His Sid-ness doesn’t mince words when he says: “The Vikings have done a lot of work to convince politicians in the Legislature of the benefits of the stadium and to vote in favor of it. The Wilf family is putting in more money to build the stadium than most other franchises have contributed that have recently built new facilities. But we still have Senate Majority Leader Amy Koch and House Speaker Kurt Zellers calling for a referendum in Ramsey County on the proposed half-percent sales tax needed to fund the stadium. I suggest Koch check with her Buffalo constituents on how she would fare in a future election if the Vikings, who are in the last year of their Metrodome lease, decide to move to Los Angeles or some other place if they can’t finalize this deal. … If a referendum took place and voters defeated the tax-increase proposal, believe me, it’s a cinch the Vikings would move. The team would be stuck in the Metrodome with no chance to take in the necessary revenue to compete with other teams.” And how would we live with ourselves if that happens?
Very cute photo essay by MPR’s Nikki Tundel of Fairgoers snoozing.

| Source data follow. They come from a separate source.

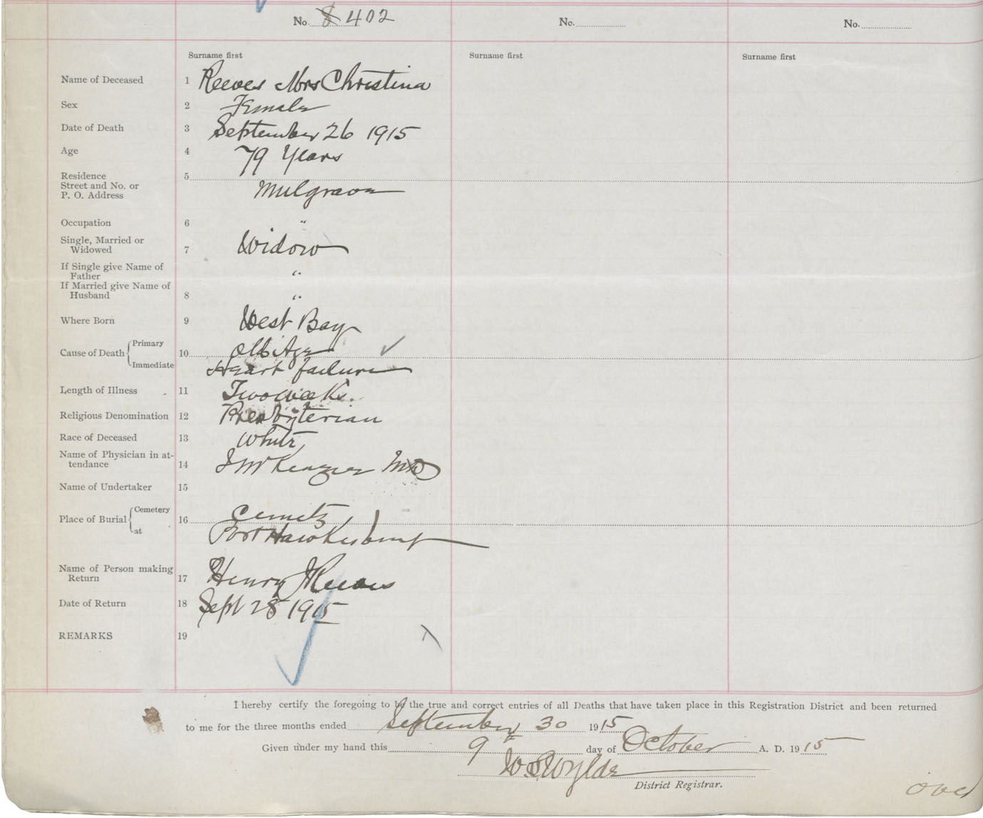 Female Death Registration: Year: 1915 book: 38 page: 192 number: 402
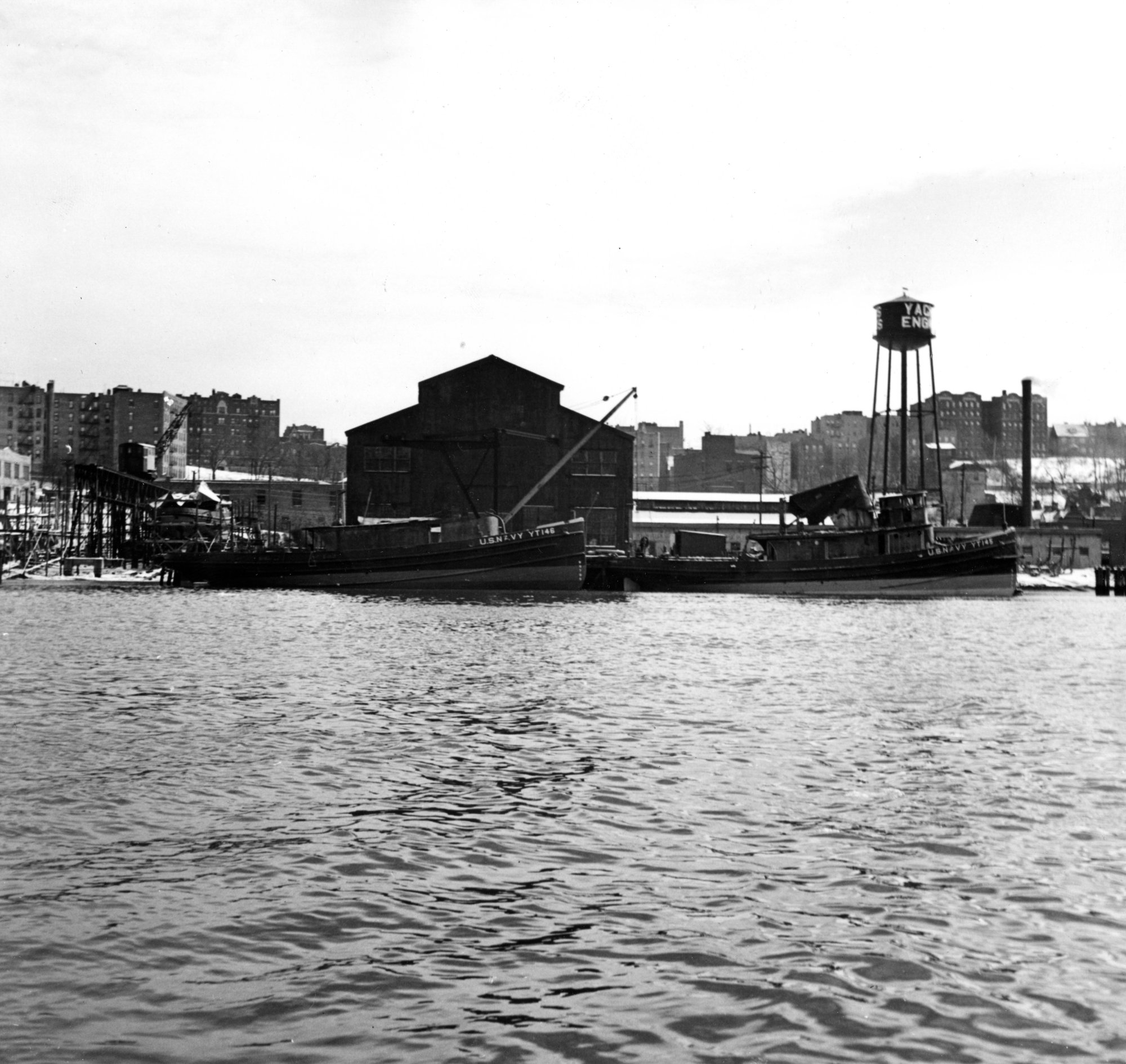 381k | Montezuma (YT-145) right and Hoga (YT-146) left moored at Consolidated Shipbuilding Corp., Morris Heights, NY, soon after they were launched in December 1940. National Archives photo. | - | |
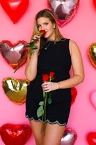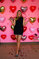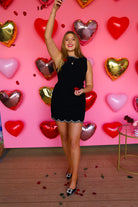 Add some star power to your wardrobe with our Starstruck Bedazzled Scallop Hem Dress. The bedazzled collar and hem line add some sparkle to this black mini dress, making it perfect for a night out. Add your fav heels for a classy look!
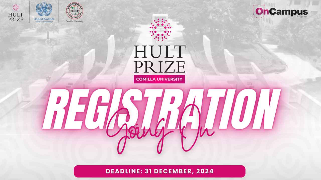 কুমিল্লা বিশ্ববিদ্যালয়ে (কুবি) -তে হাল্ট প্রাইজ ২০২৪-২৫ এর অন ক্যাম্পাস রাউন্ডের রেজিস্ট্রেশন শুরু হয়েছে। বিশ্ববিদ্যালয়ের পঞ্চমবারের মতো শুরু হওয়া এই আয়োজনের রেজিস্ট্রেশন চলবে ১৮ ডিসেম্বর(বুধবার) থেকে আগামী ৩১ ডিসেম্বর(মঙ্গলবার) পর্যন্ত।
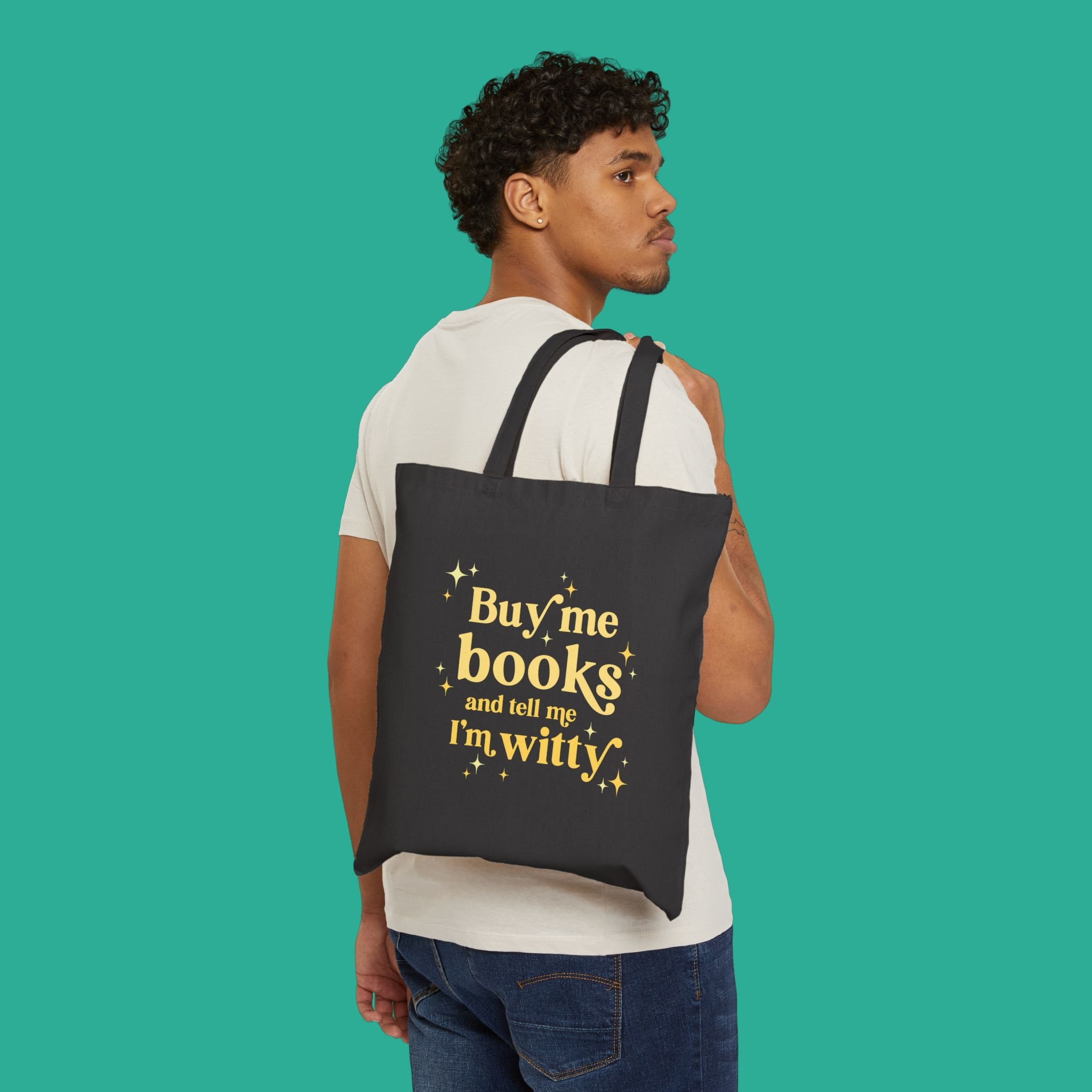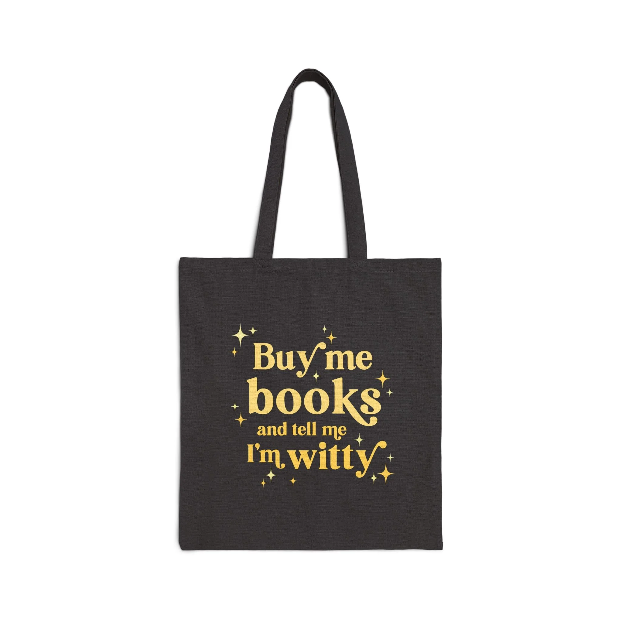 Because honestly, what could be better than a good compliment and a new stack of books? The Buy Me Books and Call Me Witty tote puts a playful spin on the old saying — perfect for readers who know that brains and humor are a far better match than dinner and roses.
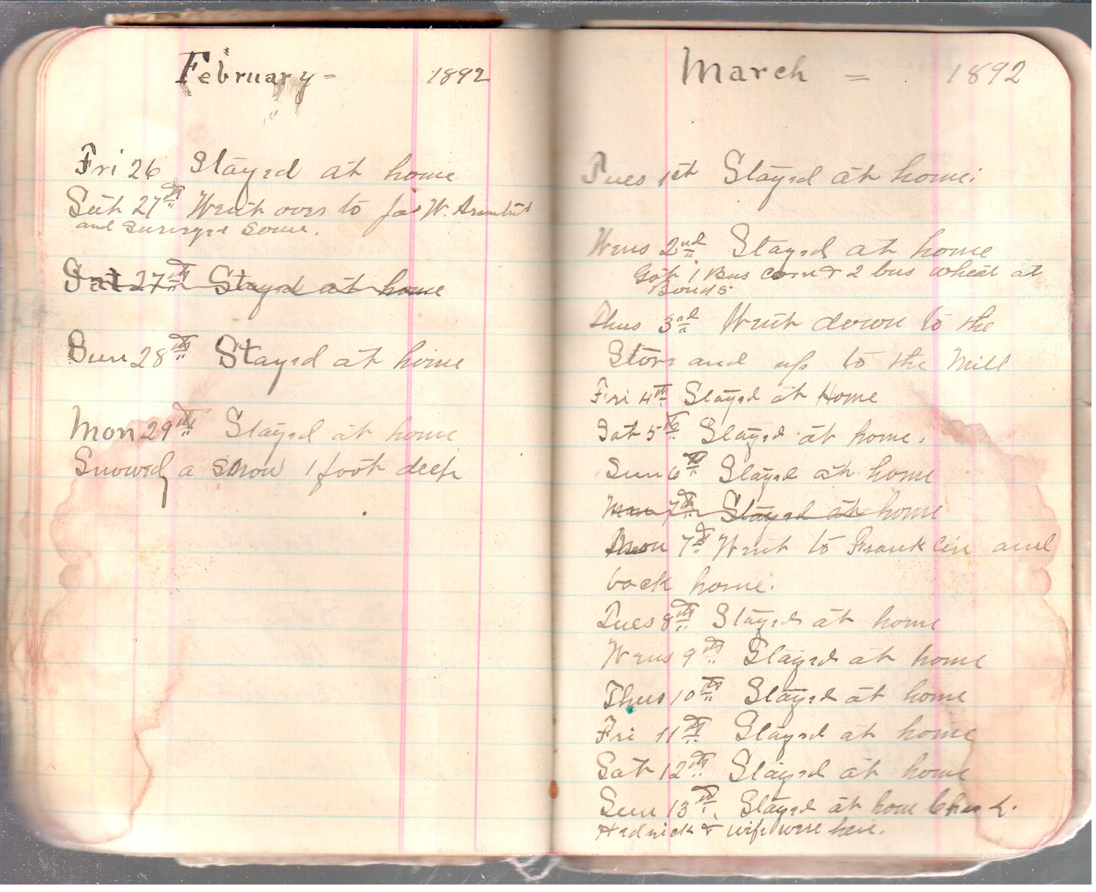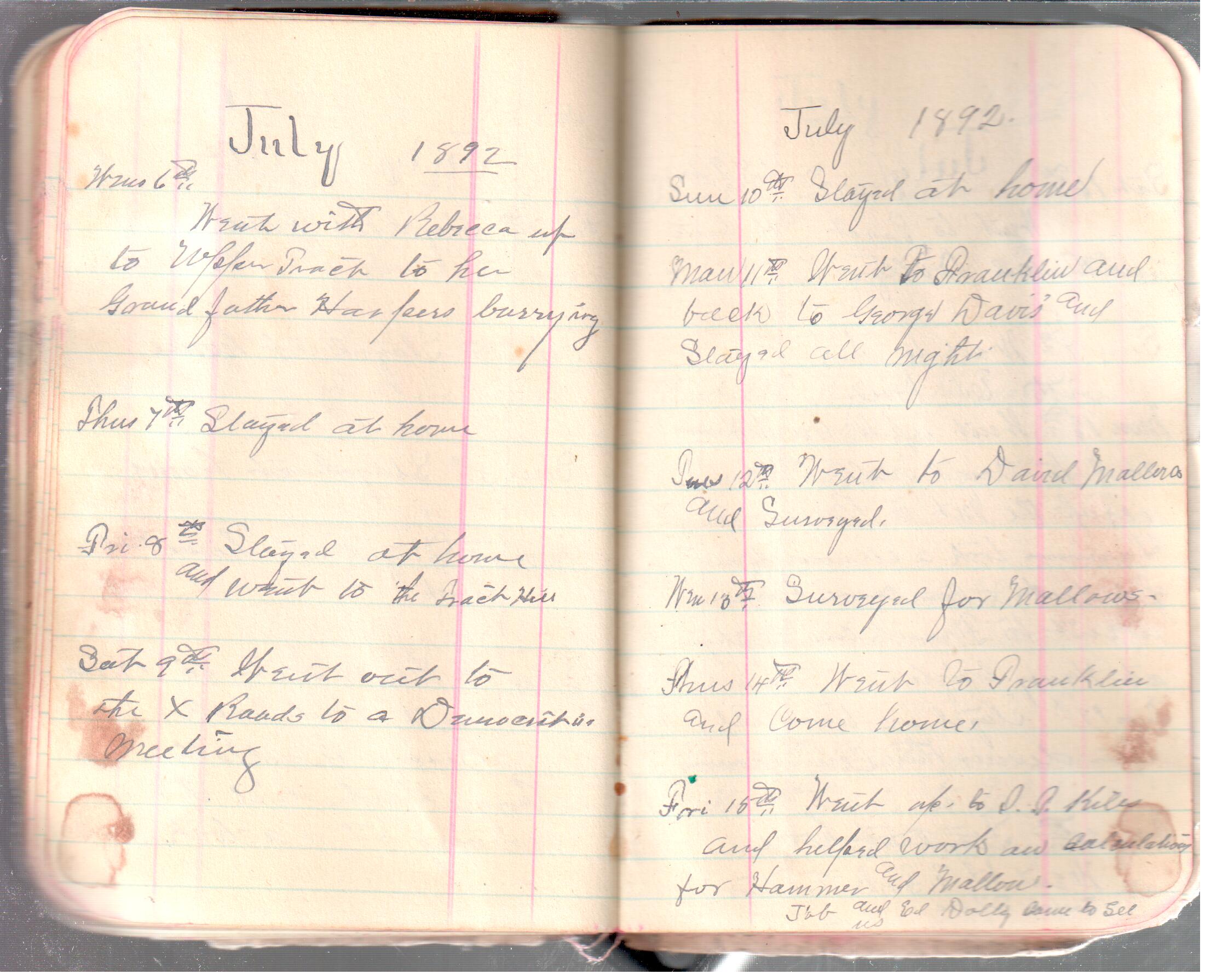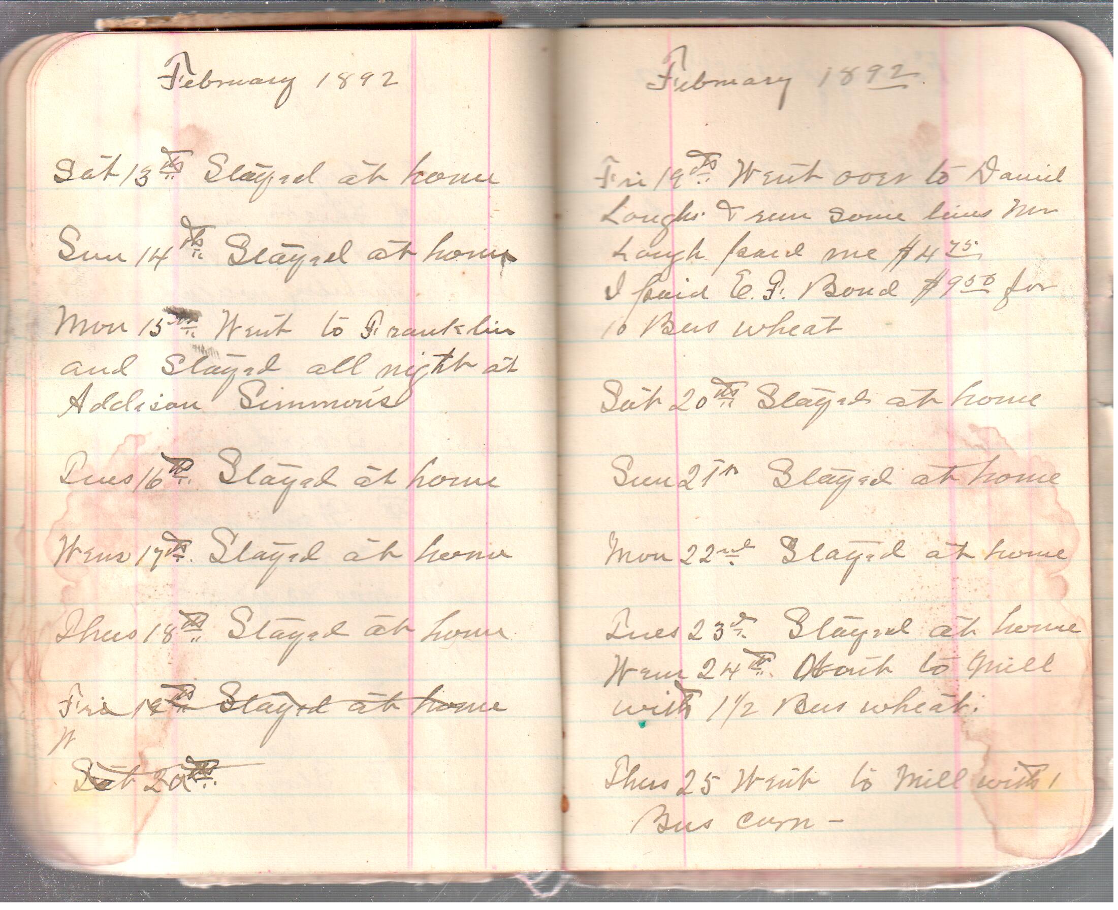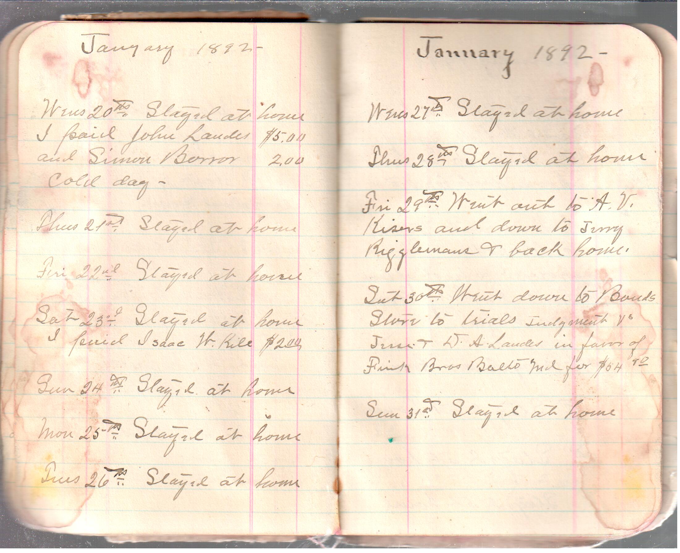 D. A. Landes Diaries: 1892 Use slideshow or see pages individually: Outside covers ABCD Index Pages 0-1 Pages 2-3 Pages 4-5 Pages 6-7 Pages 8-9 Pages 10-11 Pages 12-13 Pages 14-15 Pages 16-17 Pages 18-19 Pages 20-21 Pages 22-23 Pages 24-25 Pages 26-27 Pages 28-29 Pages 30-31 Pages 32-33 Pages 34-35 Pages 36-37 Pages 38-39 Pages 40-41 Pages 42-43 Pages 44-45 Pages 46-47 Pages 48-49 Pages 50-51 Pages 52-53 Pages 54-55 Pages 56-57 Pages 58-59 Pages 60-61 Pages 61-62 Pages 62-63 Pages 64-65 Pages 66-67 Pages 68-69 Pages 70-71 Pages 72-73 Pages 74-75 Pages 76-77 Inside back A receipt

So much for the good life in rural Minnesota, MPR’s Dave Peters checks out a report from the Department of Health: “Rural Minnesotans smoke more than their urban cousins. They’re fatter. They exercise less. They die more frequently from diabetes, stroke and heart disease. More of them are uninsured. On the other hand, rural Minnesotans are less likely to suffer from venereal disease or AIDS and they get murdered less often. Those are some highlights from a report the Minnesota Department of Health released today. Given what we know from past studies, none of the findings are particularly surprising … but the report updates an analysis the department did in 2005. The report doesn’t address why these differences exist, but analyst Paul Jansen, who put it together, says there could be a lot of factors. Access to primary care is one possibility.”